Ленька, заметив ее задумчивость, спросил:
– Что‑то случилось? Егор вам зачем‑то нужен? Может, ему передать что от вас, если я его увижу?
– Нет, вашей работы это не касается, – сказала Татьяна Георгиевна, – касается Егора лично. Но если Егор здесь появится, то пусть сразу зайдет ко мне в кабинет.
– А если не появится? Если я его увижу в городе?
– Тогда пусть хотя бы позвонит.
– Ладно, я передам.
– До свидания, Леонид.
– До свидания, Татьяна Георгиевна.
Вернувшись в кабинет, Татьяна Георгиевна во второй раз позвонила Воронину.
– Егор куда‑то пропал, – сказала она без предисловий.
– Как так? – деловито поинтересовался Воронин.
– Он должен был сегодня утром прийти ко мне в детский сад, он тут стены разрисовывает вместе с другом. Друг пришел, а Егор – нет. Друг говорит, что заходил за ним, звонил в дверь – никто не открывает. Воронин, я за Егора беспокоюсь.
– Я тоже беспокоюсь, – сказал Воронин. – Ладно, я съезжу к нему домой, посмотрю как там и что. Позже тебе перезвоню…
3
Воронину было ясно одно: с Егором Трубниковым, новоявленным принцем Мерлином, что‑то случилось. Может быть, плохое, а может быть, и не очень. Воронин намеревался это выяснить.
Он сходил к операм и вызвал в коридор на пару слов старшего лейтенанта Дементьева.
– Ты, говорят, с дверными замками хорошо умеешь управляться? – спросил Воронин с ходу.
– Ну, допустим, – сказал Дементьев. – А тебе зачем?
– Квартиру одну, возможно, придется вскрывать.
– А ордер есть?
– Нет.
– Здорово. Проникновение со взломом. Статья сто пятьдесят восемь.
– Пошли. Машина ждет.
– Машина‑то зачем? Вещи вывозить?
– Тело, может быть, придется везти.
– Какае тело? Чье?
– Одного моего друга, – сухо сказал Воронин.
– Ну, так бы сразу и сказал. – Дементьев посерьезнел. – Дружба – это святое.

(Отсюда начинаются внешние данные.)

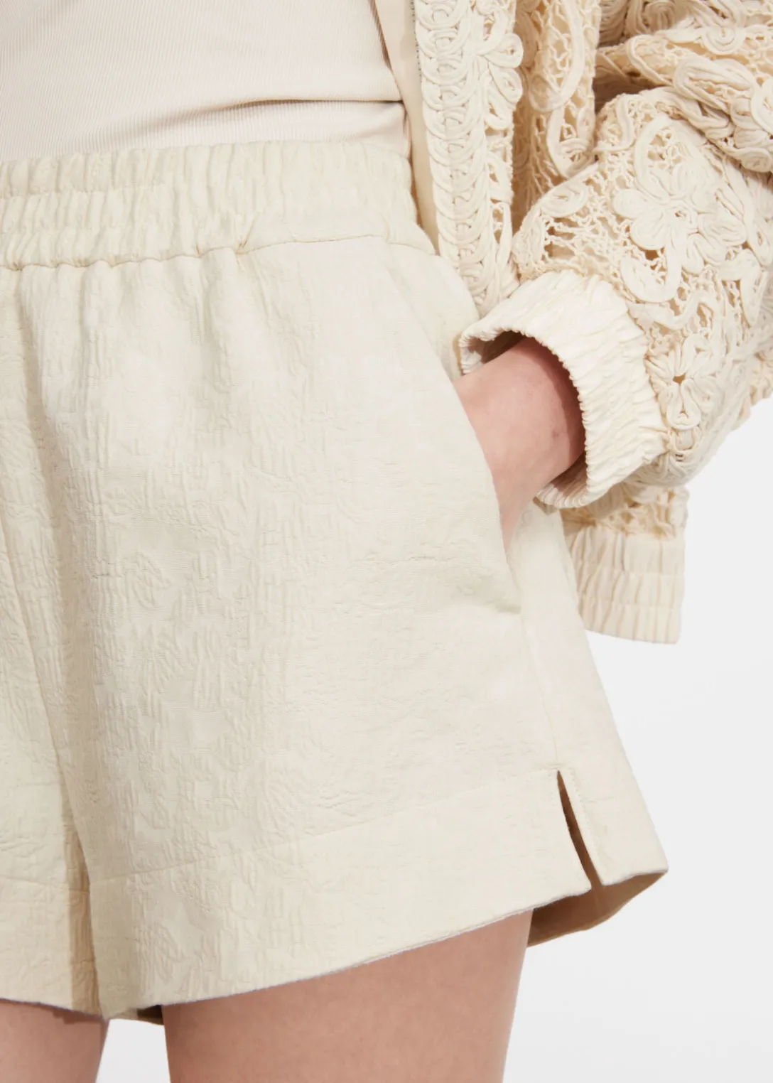 Short taille haute avec une finition jacquard texturée et une taille élastique.

Машина стояла прямо напротив входа, мотор урчал на холостых оборотах, и молчаливый шофер Толик сидел за рулем. Воронин сел впереди; Дементьев – сзади. Воронин назвал водителю адрес – Толик кивнул. Поехали.
Дементьев вдруг наклонился вперед, к Воронину, и громко спросил:
– Слыхал, брагинская братва норских крепко прищучила?
– Слыхал, со старательным равнодушием ответил Воронин. Про поединок Конана‑Варвара и Конана‑Разрушителя ему рассказал Ерофеев, у которого были ученики как среди брагинских, так и среди норских.
– Говорят, будто брагинский бригадир самолично норскому башку развалил, как арбуз, – сообщил Дементьев.
Воронин только пожал плечами и тему не поддержал. Дементьев – неплохой мужик, только намертво укорененный в обыденности. И, к сожалению, он не читал книг.
Опер опять наклонился к уху Воронина и спросил:
– Как думаешь, найдем мы того гада, который Сашку Белова убил?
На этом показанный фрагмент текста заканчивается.